The Australian housing market remains buoyant, with the exception of Melbourne, where average home prices fell by 0.9% in the June quarter. Record house prices were recorded in Sydney, Brisbane, Adelaide and Perth, despite concerns that elevated interest rates are hurting households. The housing market will remain tight for some time and thus continue to put pressure on household finances.

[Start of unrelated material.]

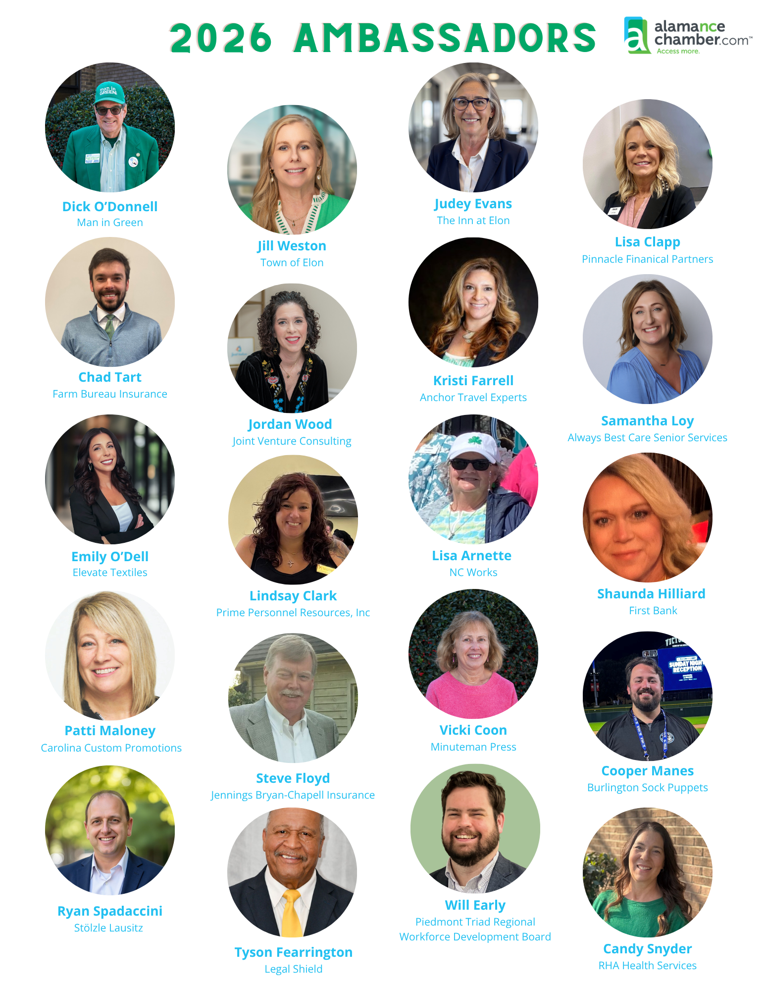 The Alamance Chamber is pleased to introduce our 2026 Ambassador Council.

The world economy remains a source of considerable uncertainty. On one hand, the fallout from the pandemic is fading farther into insignificance. On the other, many risks to the moderate outlook for global growth of 2.6% (according to the World Bank) abound: widening geopolitical conflicts, including a large-scale war in the Middle East, trade fragmentation, relatively tight credit conditions, and climate-change related natural disasters. The World Bank emphasizes that global cooperation is required to “safeguard trade, support green and digital transitions, deliver debt relief, and improve food security.” Furthermore, “[…] comprehensive fiscal reforms are essential to address ongoing fiscal challenges.” These challenges will continue to form the backdrop for domestic monetary and fiscal policy for a long time.
On balance, the Shadow Board continues to favour keeping the overnight rate, currently equal to 4.35%, on hold. It attaches a 48% probability that this is the appropriate setting (up from 45%), a 42% probability (down from 43%) that the overnight right should increase, to 4.6% or higher, and a 10% probability that the overnight right should decrease to 4.1% (down from 12%).
A similar picture emerges for the probabilities at longer horizons: 6 months out, the confidence that the cash rate should remain at the current setting of 4.35% equals 27% (up one percentage point); the probability attached to the appropriateness of an interest rate decrease equals 33% (unchanged), while the probability attached to a required increase equals 40% (down one percentage point). However, the mode recommendation at this horizon, by a small margin, is for a raise to 4.6%.
One year out, the shift towards monetary easing is clearly visible: the Shadow Board members’ confidence that the appropriate cash rate should remain at the current level of 4.35%, equals 18% (down from 19%). The confidence in a required cash rate decrease, to below 4.35%, equals 59% (unchanged), and its confidence in a required cash rate increase, to above 4.35%, is 23% (up from 21%). Three years out, the Shadow Board attaches an 11% probability that 4.35% is the appropriate setting for the overnight rate (unchanged), an 81% probability that a lower overnight rate is optimal (unchanged) and a 7% probability that a rate higher than 4.35% is optimal (unchanged).
The ranges of the probability distributions have barely changed and are as follows: they extend from 4.10% to 5.35% for the current recommendation, from 3.60% to 5.60% for the 6-month horizon, from 2.60% to 6.10% for the 12-month horizon, and from 0.85%-5.10% for the 3-year horizon.